Collected data section start
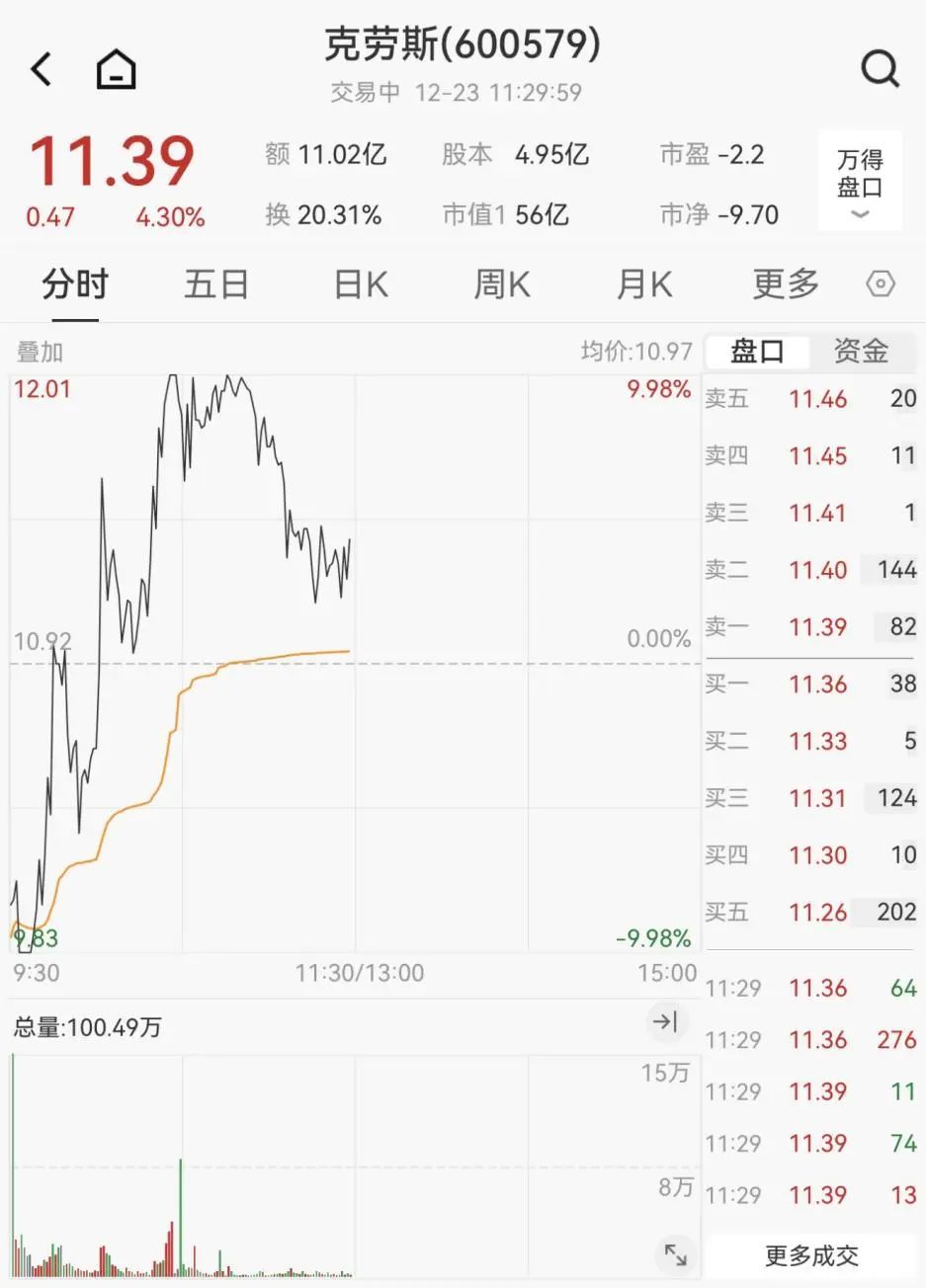 并购概念股克劳斯盘里实现了“地板”,但随后迅速下跌,此前已经实现了三连板。
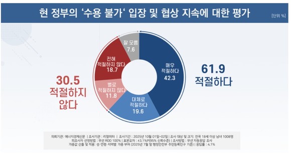 아울러 같은 조사에서 ‘수용 불가’ 입장을 내세우며 미국과 협상을 계속하고 있는 현 정부의 대응에 대해 ‘적절하다’는 긍정적인 답변이 61.9%(‘매우 적절하다’ 42.3%, ‘대체로 적절하다’ 19.6%)였던 반면, ‘적절하지 않다’는 부정적인 답변은 30.5%(‘전혀 적절치 않다’ 18.7%, ‘별로 적절치 않다’ 11.8%)로 ‘적절하다’는 답변이 31.4%p 우세했다.
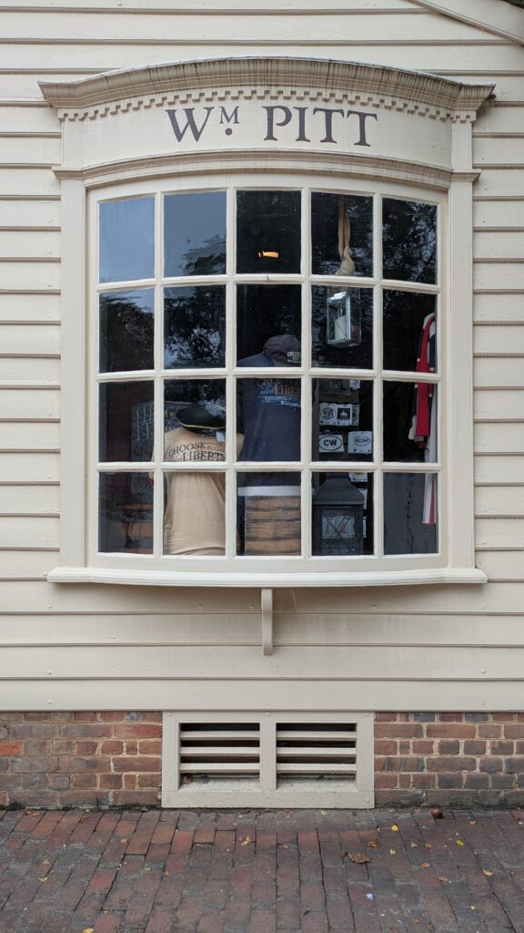 A shop window, arranged for the display of goods to persons in the street. (Sturgis, 1900) Photo from Colonial Williamsburg, Williamsburg, Virginia, 2025.
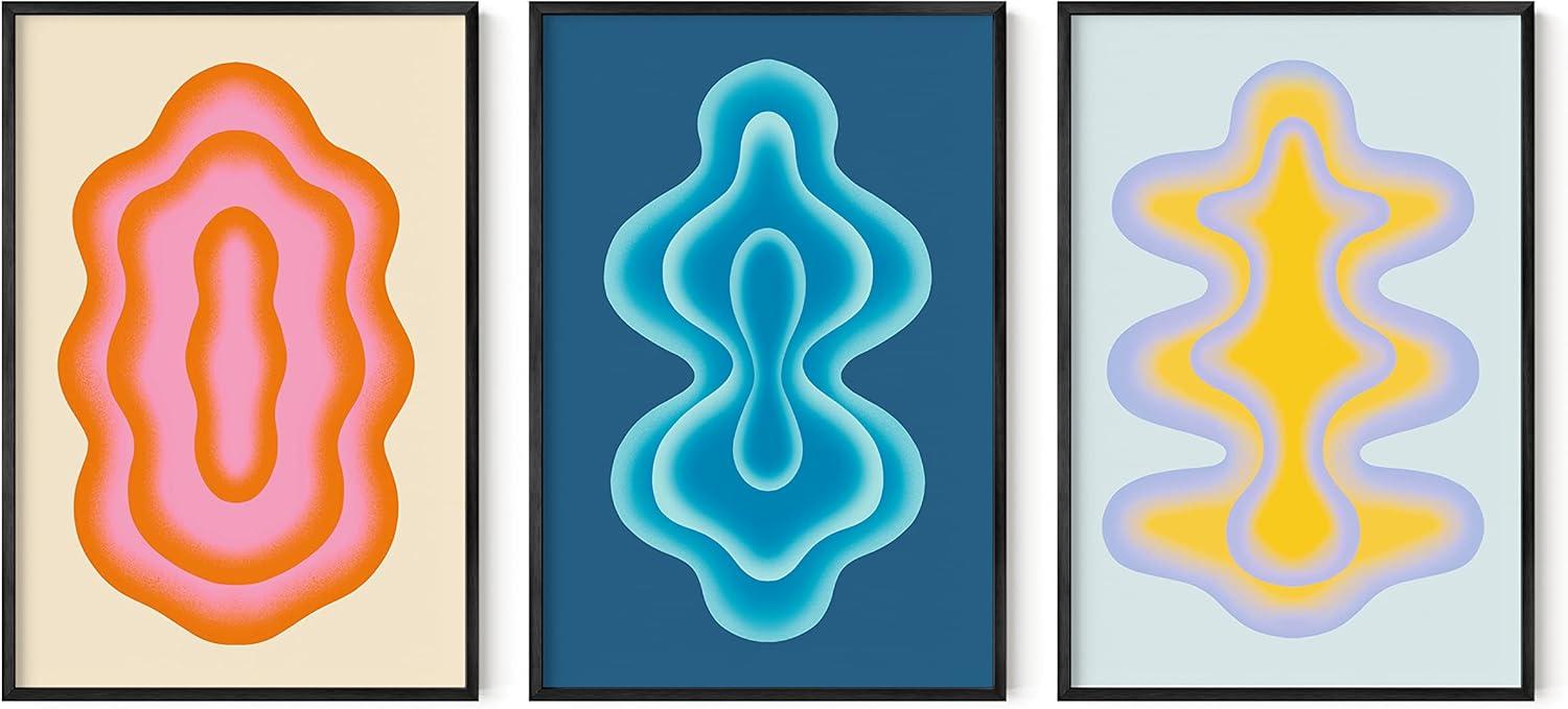 Haus and Hues Yellow and Blue Art – Set of 3 Bauhaus Geometric Pictures for Wall, Modern Art, Abstract Art, Colorful Art, Yellow and Blue Artwork, Neutral Wall Art, Colorful Wall Art (Unframed, 12×16)(Retro Layered Lips)
Collected data section end
» **Exercise prompt**
Exactly the lines starting at the one above with "아울러 같은 조사에서" and ending at the one with "A shop window, arranged" should be printed, and nothing else. Omit the pictures.

» **Solution for this problem**
 아울러 같은 조사에서 ‘수용 불가’ 입장을 내세우며 미국과 협상을 계속하고 있는 현 정부의 대응에 대해 ‘적절하다’는 긍정적인 답변이 61.9%(‘매우 적절하다’ 42.3%, ‘대체로 적절하다’ 19.6%)였던 반면, ‘적절하지 않다’는 부정적인 답변은 30.5%(‘전혀 적절치 않다’ 18.7%, ‘별로 적절치 않다’ 11.8%)로 ‘적절하다’는 답변이 31.4%p 우세했다.
 A shop window, arranged for the display of goods to persons in the street. (Sturgis, 1900) Photo from Colonial Williamsburg, Williamsburg, Virginia, 2025.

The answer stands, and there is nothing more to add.